Se usan cuando: Aditivos El rendimiento es bajo. Cuando aparecen amplificados productos no deseados. Presencia de contaminantes.
Preparación máster mix Las reacciones de PCR se realizan en volúmenes muy pequeños. Los componentes se suministran concentrados. Las cantidades que se van a pipetear de cada uno de ellos son muy pequeñas 0,5 y 5 µl. La posibilidad de errores en el pipeteado es muy elevada.
Se realizan cálculos por lo que los posibles errores cometidos en cada tubo son distintos. Para evitar esto se prepara una única mezcla de reacción master mix que contiene todos los reactivos menos el ADN molde. La cantidad de cada componente se calcula multiplicando la cantidad necesaria para una reacción por el nº de muestras +1, incluyendo los controles. Una vez completada la master se reparte la cantidad adecuada en cada tubo.
REALIZAR PCR EN EL TERMOCICLADOR 1.Preparar la máster mix: ajustar los volúmenes según el número de pruebas. 2. Preparar los tubos: no olvidar el control positivo y el control negativo. 3. Añadir master mix a cada tubo y posteriormente el ADN molde 4. Poner los tubos en el termociclador 5. Programar el termociclador
Programar el termociclador Permite programar los ciclos repetitivos con varias temperaturas y tiempos de incubación. Fases: Desnaturalización inicial Ciclos de replicación Extensión final Mantenimiento
DESNATURALIZACIÓN INICIAL Etapa inicial. Calentar la mezcla de reacción a 94-95ºC durante varios minutos. Desnaturalización completa de todas las moléculas bicatenarias
CICLOS DE REPLICACIÓN Se programan: Temperaturas y tiempos de incubación de cada una de las fases del ciclo básico: Desnaturalización. Hibridación de los cebadores. Extensión. Nº de veces que se va a repetir el ciclo (depende del nº inicial de copias que se quieran amplificar). Cuanto más abundante sea el fragmento que se quiere amplificar menor nº de ciclos. Nº de ciclos oscila entre 25 y 35. Casos difíciles 40
EXTENSIÓN FINAL Incubación única a la temperatura óptima de polimerización de la ADN polimerasa durante 5-10 minutos. Todos los productos de PCR deben estar completos y en forma de doble hélice.
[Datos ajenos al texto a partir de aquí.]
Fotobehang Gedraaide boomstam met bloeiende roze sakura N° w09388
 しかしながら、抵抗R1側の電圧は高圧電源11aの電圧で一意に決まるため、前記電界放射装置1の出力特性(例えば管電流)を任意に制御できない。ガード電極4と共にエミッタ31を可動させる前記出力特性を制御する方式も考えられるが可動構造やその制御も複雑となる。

MANTENIMIENTO La programación del termociclador finaliza con una última incubación a 4ºC sin límite del tiempo para mantener las muestras hasta que se retiren del termociclador. Se anula la actividad de la enzima.
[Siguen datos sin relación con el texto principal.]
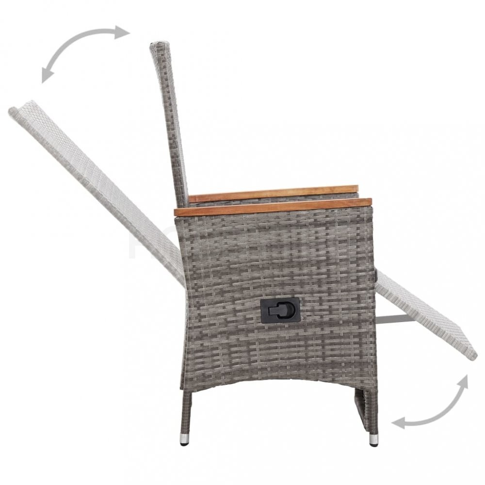 Zahradní křesla jsou vyrobená z PE ratanu, který skvěle vzdoruje vodě i klimatickým vlivům, snadno se proto čistí, hodně toho vydrží a klidně je můžete používat každý den. Práškově lakované ocelové rámy jim přidávají na robustnosti a odolnosti. Područky jsou zhotovené z akáciového dřeva, což je tropické tvrdé dřevo, jež vnese na vaši zahradu rustikální šarm. Nastavovací design a mechanismus plynového pístu umožňují upravovat polohu opěradla i opěrky na nohy. Stisknete-li tlačítko na boku křesla, opěradlo se sklopí a opěrka nohou se současně zvedne, aby se vám pohodlně leželo.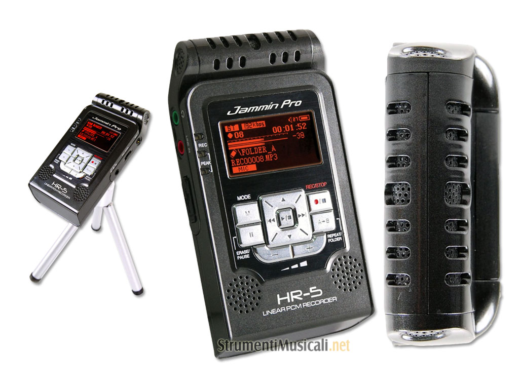 JamminPro HR5 è un registratore digitale stereo portatile e ultracompatto adatto a registrazioni vocali o musicali di qualità. E' dotato di una memoria interna HDD da 2GB, capace ci contenere più di 35 ore di registrazione e supporta card SD/SDHC ad alta capicità. E' possibile registrare con risoluzione a 24-bit ed un ampia gamma dinamica ( frequenze di campionamento fino a 96 Khz ) che garantiscono una definizione più che doppia rispetto a quella ottenibile con un CD Audio. HR5 monta un doppio microfono a condensatore per l'effetto stereo e un piccolo speaker stereo ottimizzato per monitorare le proprie registrazioni. Completano il prodotto funzioni come Auto Gain Control ( in presenza di volume troppo basso ne viene innalzato il livello automaticamente ), indicatori di livello e di picco e la funzione VOX (Voice Activated Recording) che fa attivare il registratore al verificarsi di un evento sonoro superiore a una soglia prefissata.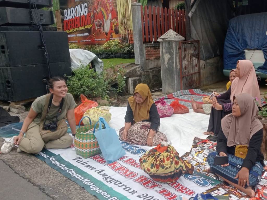 FIFIN MAIDARINA (kiri) berbincang dengan ibu-ibu sebelum ritual dimulai. Mereka membawa makanan untuk disantap bersama seusai arak-arakan.--Fifin Maidarina untuk Harian Disway

CEBADORES PCR ANIDADA Los cebadores usados en ambas PCR son distintos: C. Externos: se utilizan en la primera PCR y están diseñados para amplificar un fragmento de mayor longitud que la región de interés. C. Internos: se utilizan en la segunda PCR y están diseñados para amplificar la región de interés e hibridar en el interior del fragmento amplificado en la primera PCR.